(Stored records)
_ _ _

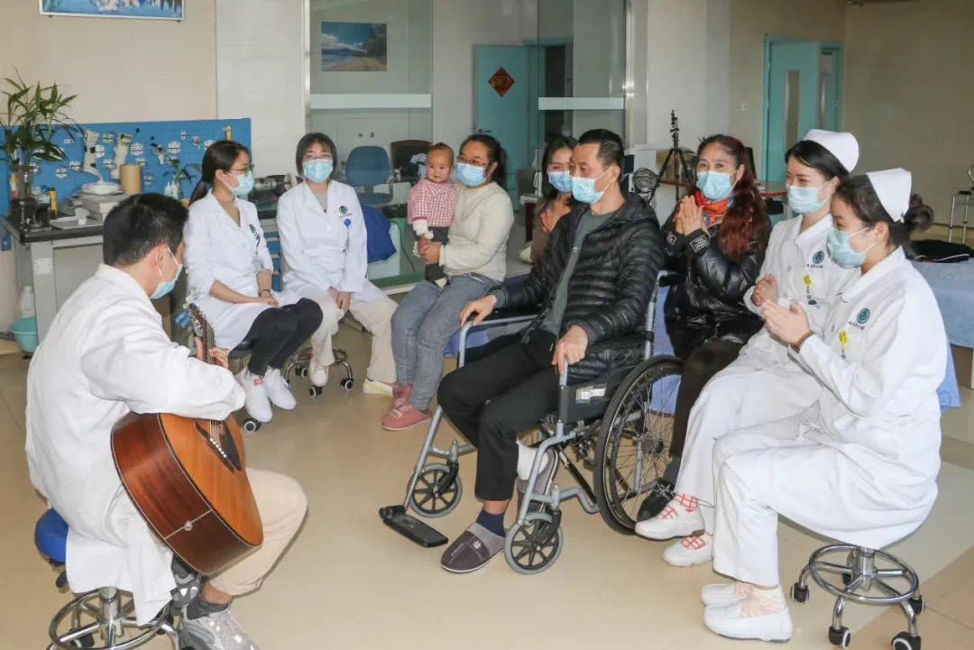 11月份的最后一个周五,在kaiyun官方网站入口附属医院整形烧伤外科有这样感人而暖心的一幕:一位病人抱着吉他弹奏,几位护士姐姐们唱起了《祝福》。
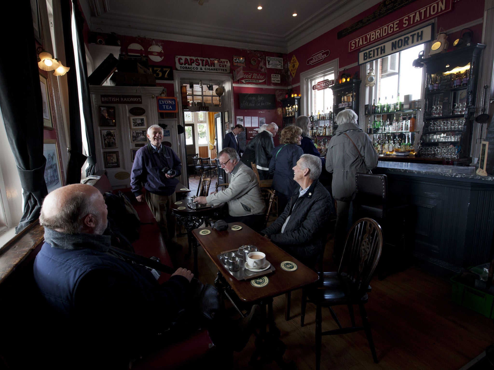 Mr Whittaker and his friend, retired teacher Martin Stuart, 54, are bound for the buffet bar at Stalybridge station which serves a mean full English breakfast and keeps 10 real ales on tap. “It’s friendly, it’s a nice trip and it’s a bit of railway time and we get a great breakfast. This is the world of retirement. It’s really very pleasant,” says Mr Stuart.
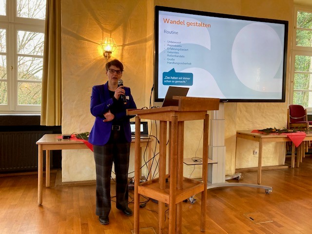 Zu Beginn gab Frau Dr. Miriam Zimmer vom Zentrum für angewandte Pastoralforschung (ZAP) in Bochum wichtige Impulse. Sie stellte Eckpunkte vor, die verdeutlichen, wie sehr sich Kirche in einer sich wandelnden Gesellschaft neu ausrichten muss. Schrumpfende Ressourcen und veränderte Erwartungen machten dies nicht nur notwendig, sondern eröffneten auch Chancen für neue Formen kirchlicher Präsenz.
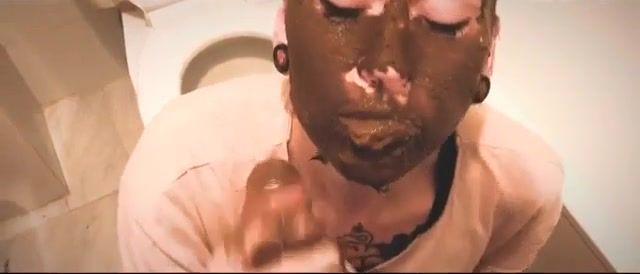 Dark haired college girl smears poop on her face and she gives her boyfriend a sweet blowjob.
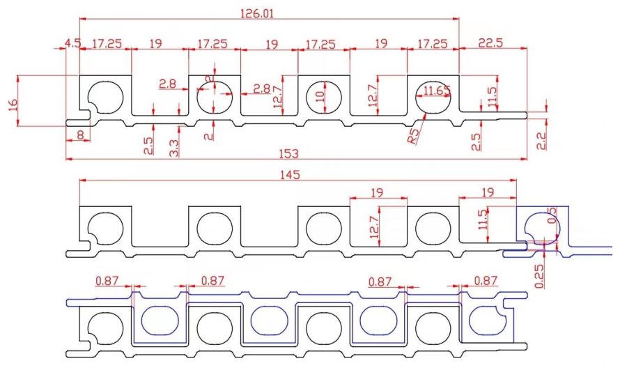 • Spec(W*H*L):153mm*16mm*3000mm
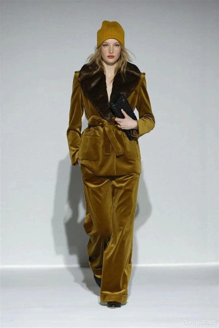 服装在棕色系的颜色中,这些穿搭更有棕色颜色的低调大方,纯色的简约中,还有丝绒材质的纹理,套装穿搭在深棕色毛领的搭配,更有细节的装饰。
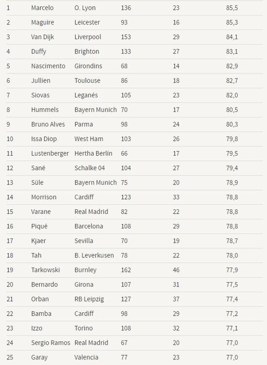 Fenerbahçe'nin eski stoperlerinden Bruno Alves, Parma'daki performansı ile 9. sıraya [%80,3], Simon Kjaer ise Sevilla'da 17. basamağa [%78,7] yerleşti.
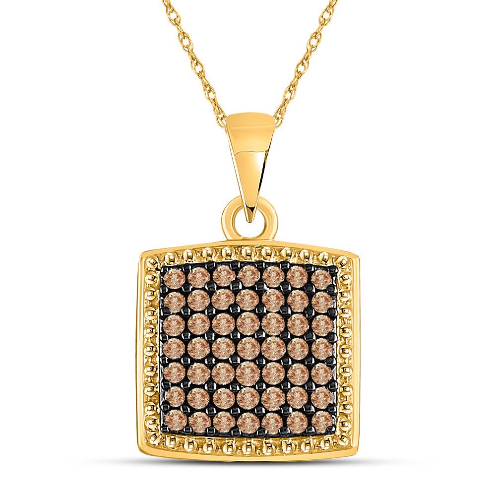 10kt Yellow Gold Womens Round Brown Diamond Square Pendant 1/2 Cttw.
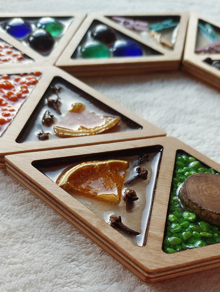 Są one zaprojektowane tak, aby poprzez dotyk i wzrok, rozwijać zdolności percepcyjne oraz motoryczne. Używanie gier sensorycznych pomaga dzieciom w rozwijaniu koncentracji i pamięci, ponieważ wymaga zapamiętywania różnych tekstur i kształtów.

_ _ _

* **Work instruction**: Exactly the lines from the line with "10kt Yellow Gold" through the end of the data are to be reproduced, and no picture is to be included.

* **Problem solution**:
 10kt Yellow Gold Womens Round Brown Diamond Square Pendant 1/2 Cttw.
 Są one zaprojektowane tak, aby poprzez dotyk i wzrok, rozwijać zdolności percepcyjne oraz motoryczne. Używanie gier sensorycznych pomaga dzieciom w rozwijaniu koncentracji i pamięci, ponieważ wymaga zapamiętywania różnych tekstur i kształtów.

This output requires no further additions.